Limited storage capacity on a single machine
Query performance degradation with growing datasets
Higher concurrency demands exceeding CPU capabilities
Difficulty maintaining acceptable latency for global users

Sharding — horizontally partitioning data across multiple database nodes — offers a solution to these scaling problems.

Why Manual Sharding in PostgreSQL?

While solutions like Citus and other distributed database systems exist, there are compelling reasons to implement manual sharding:

More control: Customize the sharding logic to your specific application needs.
No additional dependencies: Utilize only native PostgreSQL features.
Learning opportunity: Gain a deeper understanding of distributed database concepts.
Incremental adoption: Apply sharding only to specific high-volume tables.
Cloud-agnostic: Implement your solution on any infrastructure.

Setting Up Our Sharded Architecture

Let's implement a simplified manual sharding approach that works with a single PostgreSQL instance. This makes it easier to test and understand the concept before potentially scaling to multiple instances.

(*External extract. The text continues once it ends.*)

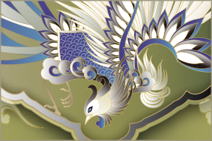 平和と繁栄の象徴 伝説上の瑞鳥で大変おめでたい鳥です。 良く朱雀と混同されるようですが、朱雀は方位を司る四神のひとつで神獣 鳳凰は聖なる鳥、聖獣と格差があるようです。
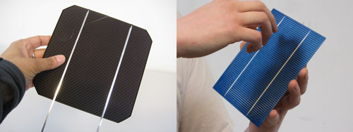 Sista anhalten på studieresan var Gaia Solars solcellsfabrik. Här tillverkas solcellsmoduler av både monokristallina och polykristallina solceller. Men solcellerna (15 x 15 cm) produceras i Taiwan. Råvaran är kisel som är det vanligaste grundämnet i jordskorpan efter syre. Monokristallina solceller är jämnt svartblå medan polykristallina är flammig eftersom den består av sammansmälta kristaller. Kiselmaterialet är egentligen gråaktigt och det är ytbehandlingen som ger solcellen den karaktäristiska mörkblå färgen. Verkningsgraden och priset är högre för de monokristallina.

Step 1: Create Sharded Tables

First, let's create our sharded tables in a single PostgreSQL database:

    SQL
   
 

   CREATE TABLE users_shard1 (
    id BIGINT PRIMARY KEY,
    name TEXT
);

CREATE TABLE users_shard2 (
    id BIGINT PRIMARY KEY,
    name TEXT
);
  

Note that we're using the BIGINT type for IDs to better handle large data volumes.

Step 2: Index the Shards for Better Performance

Adding indexes improves query performance, especially for our routing functions:

    SQL
   
   CREATE INDEX idx_user_id_shard1 ON users_shard1(id);

Step 3: Implement Insert Function With Routing Logic

This function routes data to the appropriate shard based on a simple modulo algorithm:

    SQL
   
 

   CREATE OR REPLACE FUNCTION insert_user(p_id BIGINT, p_name TEXT)
RETURNS VOID AS $
BEGIN
    IF p_id % 2 = 0 THEN
        INSERT INTO users_shard2 VALUES (p_id, p_name);
    ELSE
        INSERT INTO users_shard1 VALUES (p_id, p_name);
    END IF;
END;
$ LANGUAGE plpgsql;
  

Step 4: Create Read Function With Routing Logic

For reading data, we'll create a function that routes queries to the appropriate shard:

    SQL
   
 

   CREATE OR REPLACE FUNCTION read_user(p_id BIGINT)
RETURNS TABLE(id BIGINT, name TEXT) AS $
BEGIN
    IF p_id % 2 = 0 THEN
        RETURN QUERY SELECT u.id::BIGINT, u.name FROM users_shard2 u WHERE u.id = p_id;
    ELSE
        RETURN QUERY SELECT u.id::BIGINT, u.name FROM users_shard1 u WHERE u.id = p_id;
    END IF;
END;
$ LANGUAGE plpgsql;
  

Notice we use aliasing and explicit casting to handle any potential type mismatches.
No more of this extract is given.